The junior chamber of commerce of Aldminster, meeting for its regular luncheon session in a private room at the Stag’s Head—renowned in the eighteenth and nineteenth centuries for the Stag’s Head Flyer, the fastest post-chaise to London from the west country —found that every one of its members but three had been approached for money for the choir fund and had succumbed. The three who had not, discovered that they felt rather aggrieved at being omitted, and two resolved there and then to send unsolicited cheques that afternoon. They were nearly all small private enterprises and chafed under the rule of a Labour council—at least a new-style Labour council, since admiration for Frank Ashworth remained almost universal—and their generosity had something of a political edge, as well as a sympathetic understanding of David’s relation to Goliath. It appeared too that the dean was not much liked. His rods, his wine, his manner, his wife, were all stumbling blocks. He was, someone said, too grand for Aldminster.
The article from the Echo on Alexander’s speech had been read by almost all of them. Even if most of them would instinctively have preferred to listen to Frankie Vaughan or Sir Harry Secombe, t
hey felt a swelling of civic pride that a record should be made of a boy chorister who had been born in the city hospital and who had lived and been educated in the city ever since. Felicity had traded heavily on that on her vast circle of visits, telling her potential donors that the money was going into a three-thousand-pound fund for an immediate use, rather than a fifty-thousand-pound one for a less identifiable future. It had taken her only a week to raise the money for the record.
“The funny thing is,” she said to the wine bar owner in Lydbrook Street who had, to her surprise and delight, written out a cheque for a hundred pounds, “that I simply detest organizing and asking people for things. I can’t believe how good you are all being.”
He was not a man who cared much for women, but he knew when gallantry was called for.

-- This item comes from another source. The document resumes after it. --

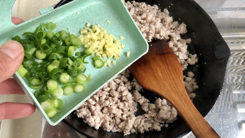 12. 小火把肉末炒散,炒到肉末发白出油,加入姜末葱白,煸香
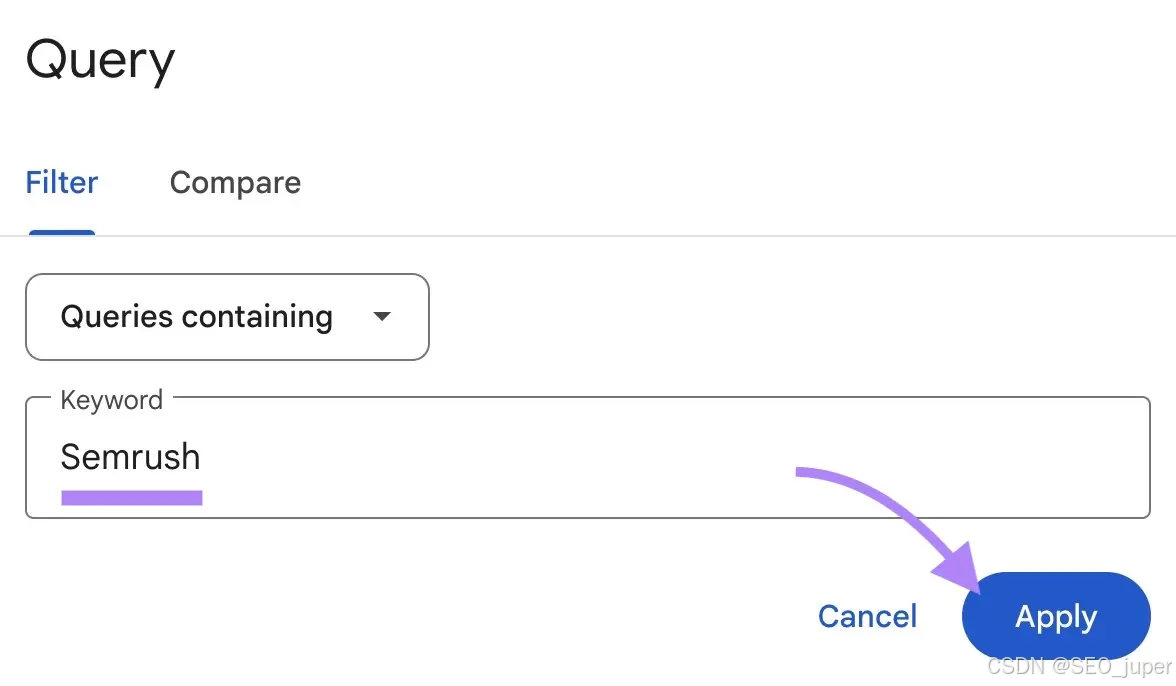 请确保选中“包含以下查询”选项,并准确输入品牌名称(与实际拼写完全一致)。例如,Semrush应在“包含以下查询”字段中输入“Semrush”。

“Depends how we’re asked, doesn’t it—”
Sally helped her on half days, and a surge of parents appeared burning with a kind of missionary zeal. A mother with the administrative appetites of Bridget Cavendish made a list of parishes, housing estates, industrial estates, and schools and allotted each one its fundraising representative. Two girls from the sixth form produced a campaign poster, which the father of a third ran off on his commercial copier two hundred times. Volunteers from the fourth and fifth years were given batches of these to pin up. Bridget Cavendish, opening the door to let Benedict out before breakfast one morning, found that a poster had been tied to the bars of the deanery gate in the night. She took it in at once and waved it in outrage at the dean, and quite failed to notice, in the energy of her own reaction, that he looked not so much angry as full of profoundest misery.
“Just—take it away.”
“But, Huffo, will you not do something?”
“I shall do nothing.”
“It is open defiance and disloyalty.”
“Confrontation is not the answer.”
“Huffo, what is the matter with you?”
He could not look at her, he could hardly bear, at this moment, to be in the same room with this life’s companion who understood nothing of the articles of faith by which he lived. His isolation was very terrible, so terrible that at times just now he could not even look at his God, let alone pray to Him. He raised a hand in a strange helpless gesture and let it fall again.